Applying the distinction to the tutorial page: the static value doesn't have a lifetime, but it lasts "forever" (the run of your program). It's liveness scope is "forever". If the type of a static happens to have lifetimes, those lifetimes must be 'static.

Let's talk about Rust lifetimes ('_) first.

If the type of a const declared at the top level has lifetimes, those lifetimes are 'static. There's no other named lifetimes it could be, after all. However, you can also declare consts in other places, like associated constants of types. In those contexts, a 'static default for elided lifetimes doesn't apply, and there are may be other possible named lifetimes available (if the type or any traits involved have lifetime parameters).

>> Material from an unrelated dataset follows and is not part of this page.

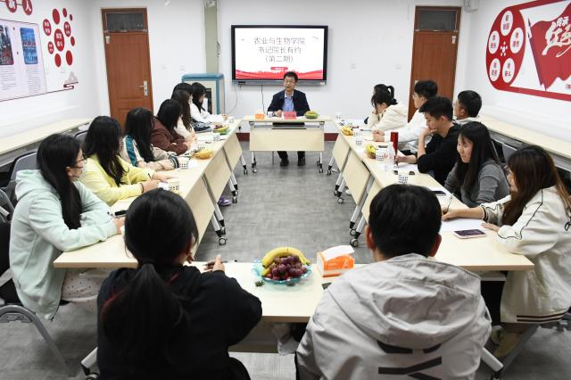 为了加强师生交流互动,提升教育教学服务质量,4月16日,农业与生物学院“书记院长有约”第二期活动在学院一站式“先锋”学生社区举办,院长贾泽峰与16名学生代表进行了亲切的座谈,深入了解学生在学业发展过程中的所思所想,共谋发展之策,共绘成长蓝图。
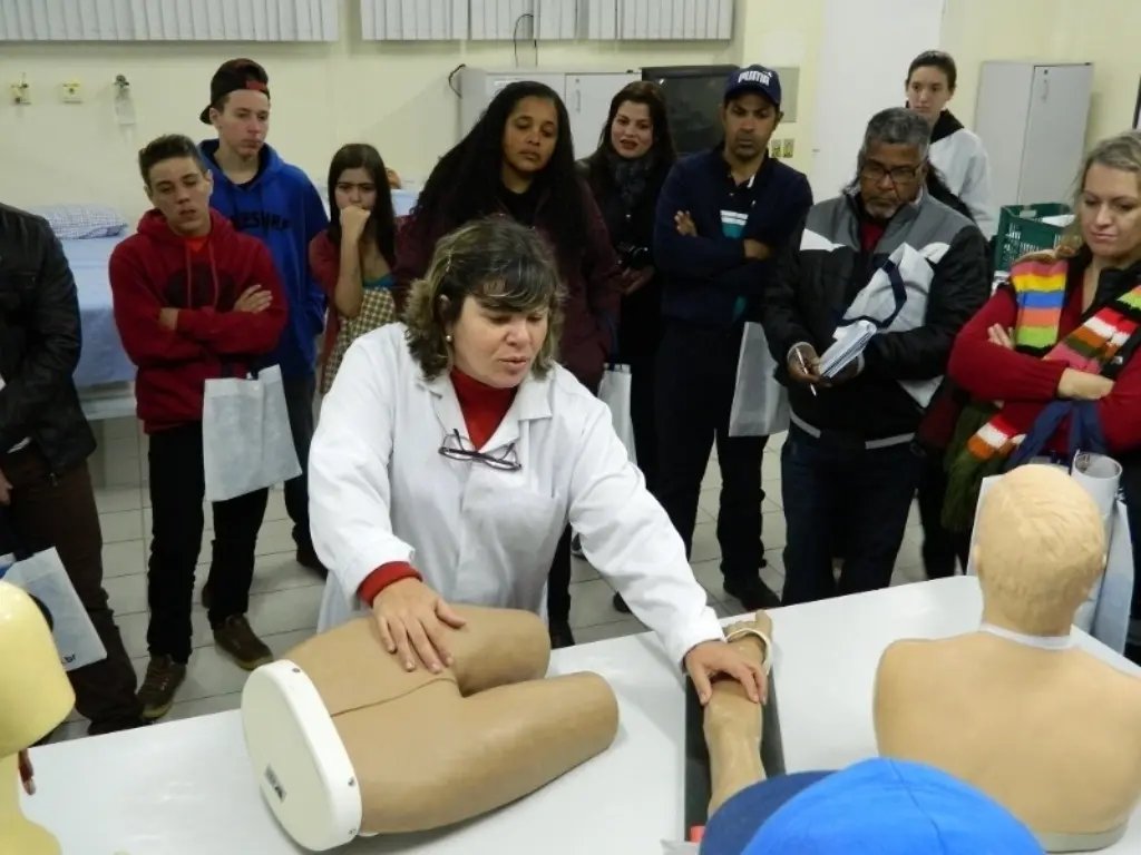 Ao longo da noite, os alunos puderam aprender no Laboratório de Enfermagem a abordagem inicial, os procedimentos imediatos a um paciente, bem como quais materiais são usados para a formação dos acadêmicos.

Additionally, there was an accidental stabilization of allowing elided lifetimes in associated consts to be inferred at the use site (which is more general than being 'static, and thus more general than top-level consts). For now, eliding explicit lifetimes in a context other than the top level generates a warning. Some day it may once again be an error.

Examples. (And some invariance/inferred examples.)

...so any lifetimes in the types of a const declared at the top level are 'static, in associated consts they may or may not be 'static, or it might even be inferred at the use site and not enforced at the declaration site (for now).

Now let's talk about liveness scopes.

A const acts as-if if you pasted the definition everywhere you use the const value. So the liveness scope is going to depend on how you use the value. If the type of the const satisfies a 'static bound, you could perhaps[1] assign it to a static and the value will last forever. Or you could assign it to a local variable, and the liveness of that value will act like any other local variable.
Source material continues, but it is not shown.